Insufficient funding has been allocated to implementing the recommendations of A Vision for Change. A Vision in Hindsight notes that although €26 million was committed nationally to the development of new mental health services in 2006, at the time of commencement of A Vision for Change, the level of funding received by individual services has been small, with none of the services receiving more than €500,000. This funding has been insufficient to create the new multidisciplinary teams the report recommended, and for which it was allocated.

Last week, the Minister of State was unable to provide information I sought in a parliamentary question concerning the percentage of health expenditure allocated for psychiatric services. He indicated the figures were being calculated and would be forwarded to me later this month. The Irish Psychiatric Association has calculated the figure. Its report states:

An unprecedented increase of €1.1bn in the health spend was announced in the 2007 budget — bringing the total to €14 billion. Of that, €800m is allocated to mental health as revenue funding and €25m to new service developments. A Vision for Change advised that implementing their recommendations would require the mental health percentage of the health budget to increase from its previous 6.9% to 8.24% — the meagre increased funding for mental health in 2007 brings that percentage down to below 6%, indicating clearly that we are moving in the opposite direction!

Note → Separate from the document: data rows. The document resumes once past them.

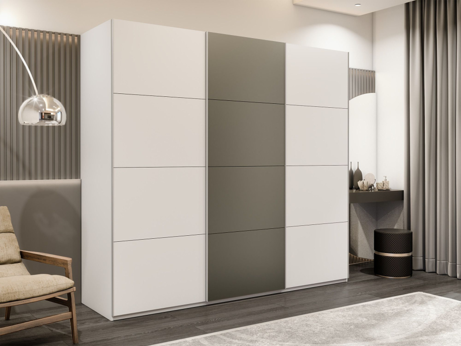 Шкаф-купе Эста 3-х дверный ДСП/Стекла хаки/Доводчик 300х66х240 (Белый)
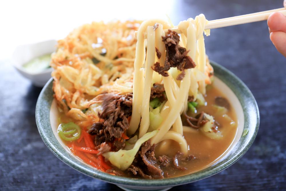 富士吉田市のソウルフード「吉田のうどん」。太くて弾力のある麺と、馬肉やキャベツをのせた素朴な味わいが特徴です。
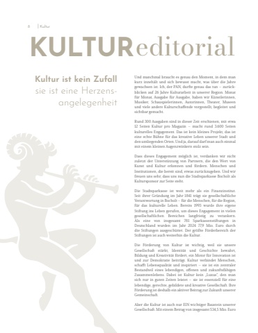 KULTUReditorialKultur ist kein Zufallsie ist eine Herzensangelegenheit Und manchmal braucht es genau den Moment, in dem man kurz inneh%u00e4lt und sich bewusst macht, was %u00fcber die Jahre gewachsen ist. Ich, der PAN, durfte genau das tun %u2013 zur%u00fcckblicken auf 26 Jahre Kulturarbeit in unserer Region. Monat f%u00fcr Monat, Ausgabe f%u00fcr Ausgabe, haben wir K%u00fcnstlerinnen, Musiker, Schauspielerinnen, Autorinnen, Theater, Museen und viele andere Kulturschaffende vorgestellt, begleitet und sichtbar gemacht.Rund 300 Ausgaben sind in dieser Zeit erschienen, mit etwa 12 Seiten Kultur pro Magazin %u2013 macht rund 3.600 Seiten kulturelles Engagement. Das ist kein kleines Projekt, das ist eine echte B%u00fchne f%u00fcr das kreative Leben unserer Stadt und den umliegenden Orten. Und ja, darauf darf man auch einmal mit einem kleinen Augenzwinkern stolz sein.Dass dieses Engagement m%u00f6glich ist, verdanken wir nicht zuletzt der Unterst%u00fctzung von Partnern, die den Wert von Kunst und Kultur erkennen und f%u00f6rdern. Menschen und Institutionen, die bereit sind, etwas zur%u00fcckzugeben. Und wir freuen uns sehr, dass uns nun die Stadtsparkasse Bocholt als Kultursponsor zur Seite steht.Die Stadtsparkasse ist weit mehr als ein Finanzinstitut. Seit ihrer Gr%u00fcndung im Jahr 1841 tr%u00e4gt sie gesellschaftliche Verantwortung in Bocholt %u2013 f%u00fcr die Menschen, f%u00fcr die Region,f%u00fcr das kulturelle Leben. Bereits 1993 wurde ihre eigene Stiftung ins Leben gerufen, um dieses Engagement in vielengesellschaftlichen Bereichen langfristig zu verankern. Als eine von insgesamt 781 Sparkassenstiftungen in Deutschland wurden im Jahr 2024 77,9 Mio. Euro durchdie Stiftungen ausgesch%u00fcttet. Der gr%u00f6%u00dfte F%u00f6rderbereich der Stiftungen ist auch weiterhin die Kultur.Die F%u00f6rderung von Kultur ist wichtig, weil sie unsere Gesellschaft st%u00e4rkt, Identit%u00e4t und Geschichte bewahrt, Bildung und Kreativit%u00e4t f%u00f6rdert, ein Motor f%u00fcr Innovation ist und zur Demokratie beitr%u00e4gt. Kultur verbindet Menschen,schafft Lebensqualit%u00e4t und inspiriert %u2013 sie ist ein zentraler Bestandteil eines lebendigen, offenen und zukunftsf%u00e4higen Zusammenlebens. Dabei ist Kultur kein %u201eLuxus%u201c, den man sich nur in guten Zeiten leistet %u2013 sie ist essenziell f%u00fcr eine lebendige, gerechte, gebildete und kreative Gesellschaft. Ihre F%u00f6rderung ist deshalb ein aktiver Beitrag zur Zukunft unserer Gemeinschaft.Aber die Kultur ist auch nur EIN wichtiger Baustein unserer Gesellschaft. Mit einem Betrag von insgesamt 534,5 Mio. Euro 8 I Kultur
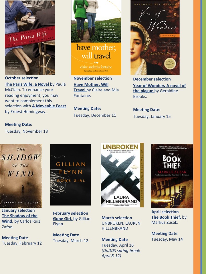 Like many people around the world, I find it enjoyable to read with friends. Following are the books selected for the Hohenfels Germany Book Club. It was a collective effort to choose these titles and each one reflects the unique perspective of the gal who recommended it.
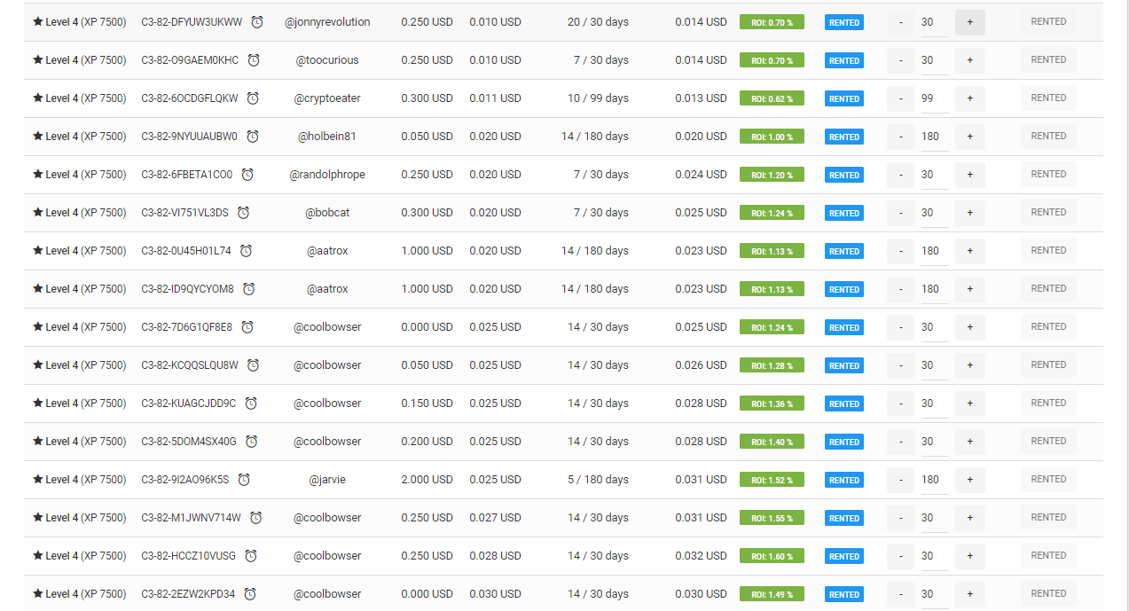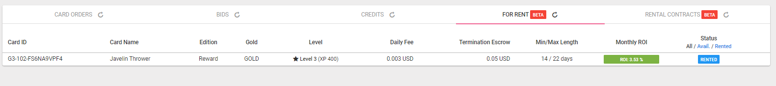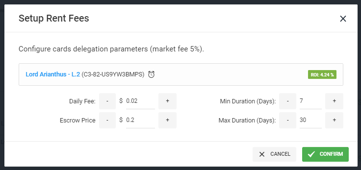 If you refer to the image above you notice that the cards that have been rented have a daily fee raging around 0.02 - 0.04. However, note the escrow fee as well. That is a secondary fee where you can earn something extra from your card.

Almost one third of the €25 million development funding the Minister of State committed to mental health services in 2007 has been earmarked for child and adolescent mental health services. More than one fifth of this funding has been committed to contingencies brought about by the commencements, as required by the Government, of the Mental Health Act 2001 and the Criminal Law (Insanity) Act 2006. This leaves little funding to be shared out among disparate areas of need. Only €1.8 million of the money for new services has been allocated to generic adult mental health services in 2007. It is clear from those sums that a continuation of the expanded community services that began in 2006, at the time of the launch of A Vision for Change, has not been incorporated within this year's budgeted programme.

One year after the document's publication, the Irish Psychiatric Association says that at the most senior level little thought appears to have been given to organisational development, financial or otherwise, to enable its implementation. If the funding issue is being debated at all, it is being done in the abstract. The Irish Psychiatric Association states:

The vision is vanishing and with it the opportunity and goodwill to make it possible. Those affected by mental ill health are close to yet another political betrayal. The public service users and carers in our organisation are angered, disappointed and cannot accept this lack of progress. We, together with service users and providers, now demand urgent political and administrative action or, failing that, seek electoral accountability.